# A few nice moves.



## K-man (Jun 22, 2011)

Not often I find good Aikido clips but this is one I think is worth watching. 
http://www.youtube.com/watch?v=aicHsMC6rxM&feature=player_embedded
Enjoy!  :asian:


----------



## Aikicomp (Jun 22, 2011)

K-man said:


> Not often I find good Aikido clips but this is one I think is worth watching.
> http://www.youtube.com/watch?v=aicHsMC6rxM&feature=player_embedded
> Enjoy! :asian:


 

Yup, gotta agree with you there. We incorporate Aikido techniques into our Ju-Jitsu system and must admit it's my favorite of the arts we combine in our system.

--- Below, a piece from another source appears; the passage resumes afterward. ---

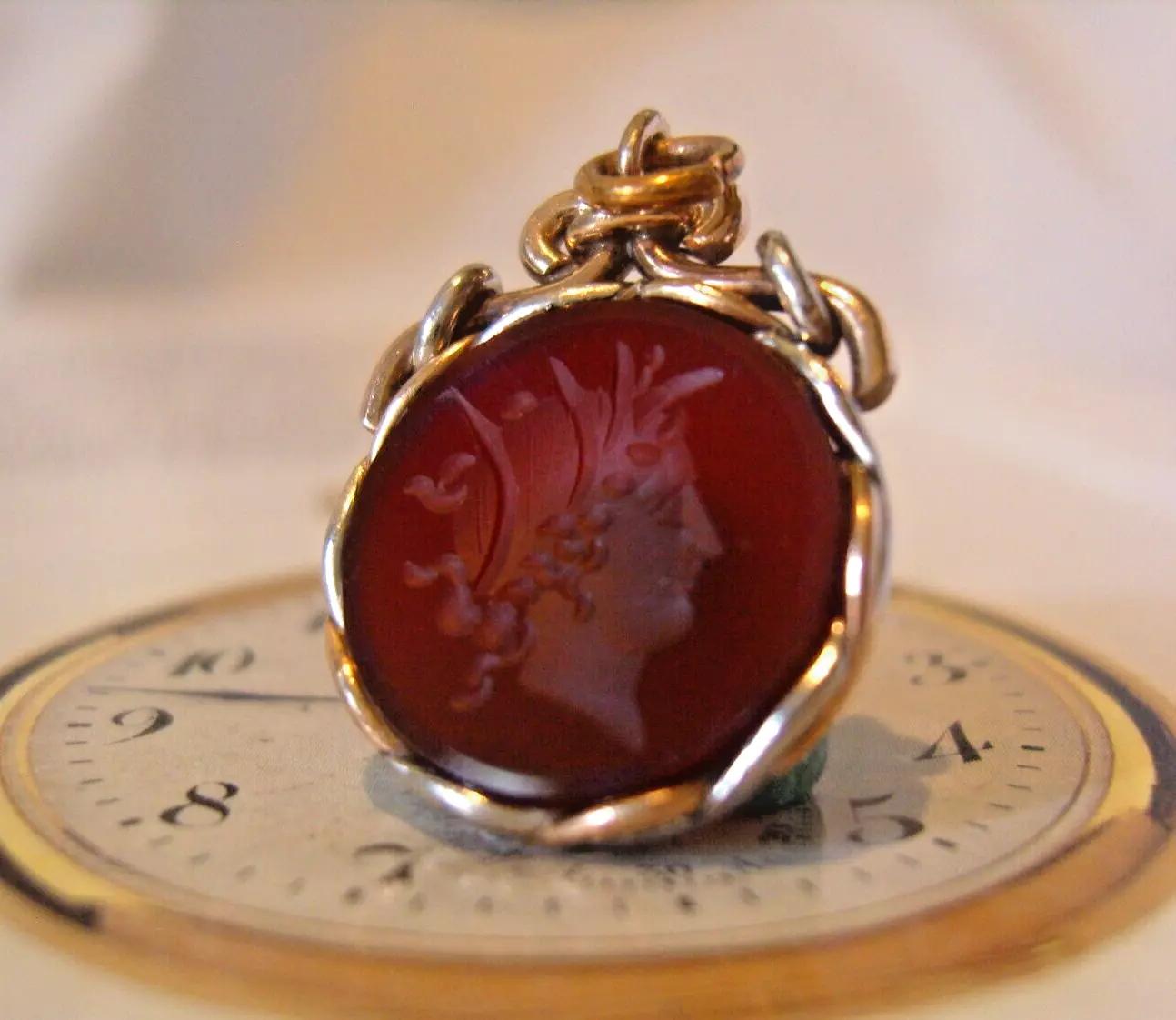 Victorian Pocket Watch Chain Fob 10ct Rose & White Gold Filled 1890s Intaglio Fob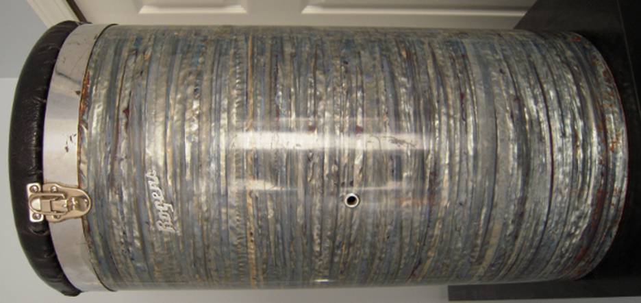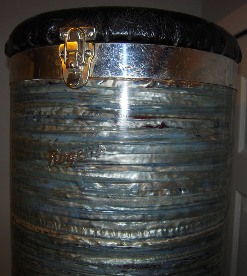original beautiful blue strata pearl. 12" round by 24" tall of it. Missing bottom chrome ring. Top front and back latches are nickel replacements. Seat needs to be re done. Bottom and interior of throne wood is solid and in excellent condition. Some dents and dings in the pearl. Not mint-but very pretty and rarely seen. $405.00 shipped in US for a US postal money order. International please email direct for a shipping quote. Thanks, Gary

Students tell me my Ju-Jitsu looks very Aikidoish 
	

	
	
		
		

		
			





Michael


----------



## Jenna (Jun 22, 2011)

K-man said:


> Not often I find good Aikido clips but this is one I think is worth watching.
> http://www.youtube.com/watch?v=aicHsMC6rxM&feature=player_embedded
> Enjoy!  :asian:


A nice little snippet my friend.  He is light on his toes you see this?  I think that is something that aikidoka often overlook thinking that rooting and grounding preclude lightness of footwork. Now stop surfing and back to your stretches! J


----------



## Aiki Lee (Jun 23, 2011)

Nice clip. I liked the ones with the sword disarms escpecially.


----------